Excluding player sales, #FCBayern revenue rose €41m (7%) from €588m to €629m, mainly due to broadcasting, up €30m (20%) to €177m, though other streams also grew: match day increased €6m (6%) to €104m, while commercial was up €5m (2%) to €349m.
#FCBayern profit on player sales was down €24m from last season’s record €53m. The wage bill surged €38m (14%) from €265m to €303m, while player amortisation increased €7m (10%) to €69m. However, other expenses and depreciation both reduced, by €8m and €2m respectively.
#FCBayern are one of the most profitable clubs in Europe. Indeed, they have the highest profit before tax (€46m) of any of the leading clubs that have published 17/18 accounts to date. Indeed, only #THFC & #AFC beat this figure in 16/17, but both likely to be lower last season.
Furthermore, #FCBayern’s bottom line only benefited from €28m profit on player sales, significantly lower than most other elite clubs, especially Barcelona €208m (Neymar to PSG) and Dortmund €115m (Dembelé to Barcelona & Aubameyang to Arsenal).
Amazingly, this is the 26th consecutive year that #FCBayern have been profitable. In fact, 2018 was the 3rd highest profit in their history, though it was lower than the previous two seasons. Up to this season, profits had been steadily rising (€244m profit in last 5 years).
#FCBayern have become increasingly reliant on player sales with average annual profits rising from just €11m between 2009 and 2013 to €41m in the last 5 years. Next year will include Arturo Vidal to Barcelona, Sebastian Rudy to Schalke and Juan Bernat to PSG.
#FCBayern EBITDA (Earnings Before Interest, Tax, Depreciation & Amortisation), which can be considered cash operating profit, increased from €96m to €108m, almost double the €58m in 2014. However, including player sales this fell from a record €149m to €136m.
Excluding player sales, #FCBayern revenue has grown by a third (€155m) in the last 3 years from €474m to €629m, mainly from broadcasting €71m (67%) and commercial €71m (25%) with match day up €14m (16%). Revenue has doubled since the €321m reported in 2011.
Commercial remains the most important revenue stream at #FCBayern with 55%, but this has fallen from 60% in 2014, while broadcasting has grown from 22% to 28% in the same period. Match operations has declined from 18% to 16%.

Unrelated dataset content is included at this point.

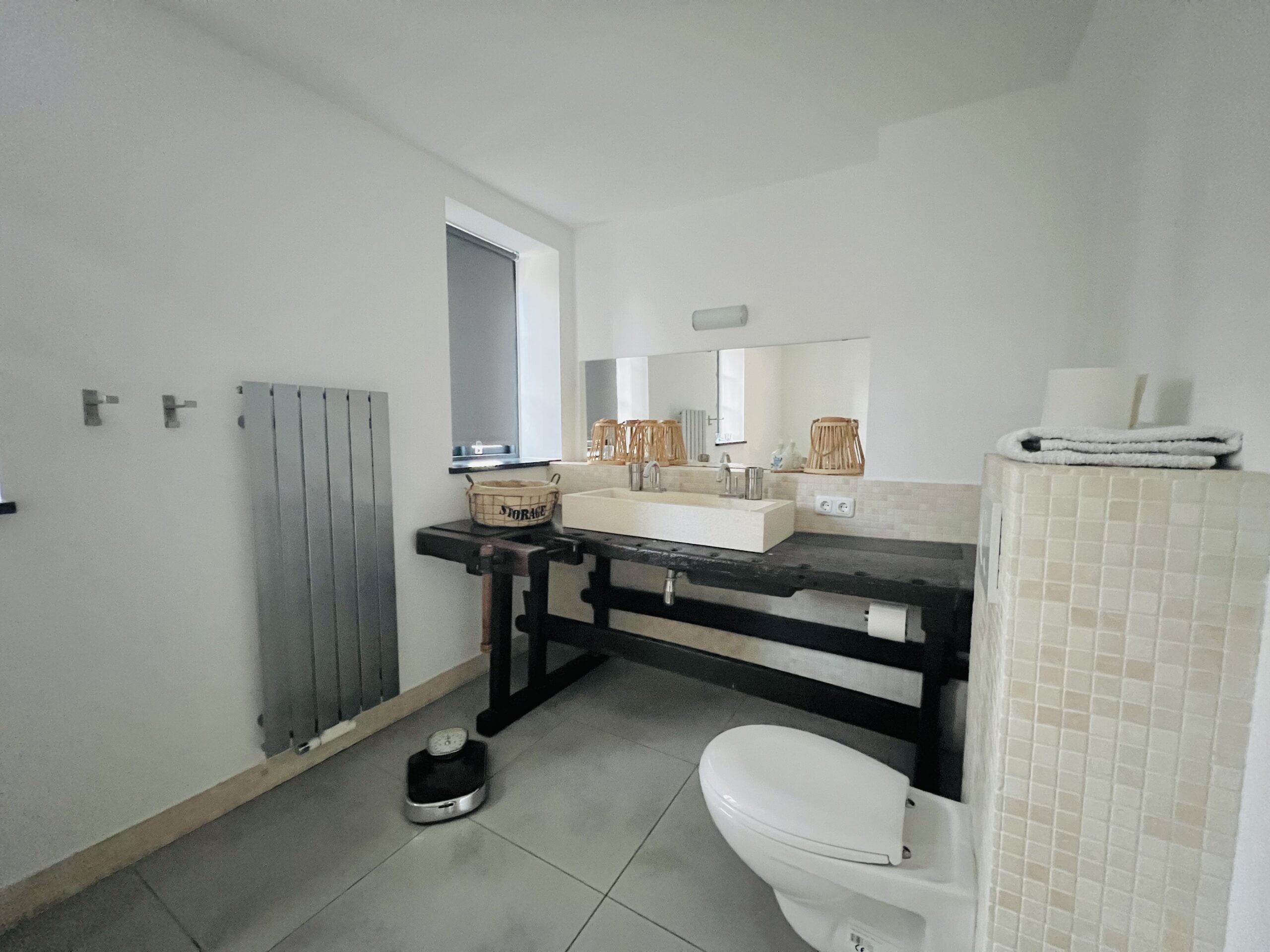 Zudem befindet sich im Erdgeschoss ein Schlafzimmer mit Doppelbett (180x200cm) sowie ein Badezimmer mit einer freistehenden Badewanne aus Travertin, sowie ein weiteres Badezimmer mit einer Walk-In Dusche.

The #FCBayern revenue advantage over Borussia Dortmund, their closest domestic challenger, increased to €312m in 2017/18, the highest ever gap. In fact, Bayern’s €629m revenue is almost twice as much as Dortmund’s €317m.
#FCBayern have the 4th highest revenue in the world (per Deloitte Money League 2017, based on 2016/17 results), though they were as high as 2nd in 2003/04. There are three other German clubs in the top 30: Borussia Dortmund, Schalke 04 and Borussia Mönchengladbach.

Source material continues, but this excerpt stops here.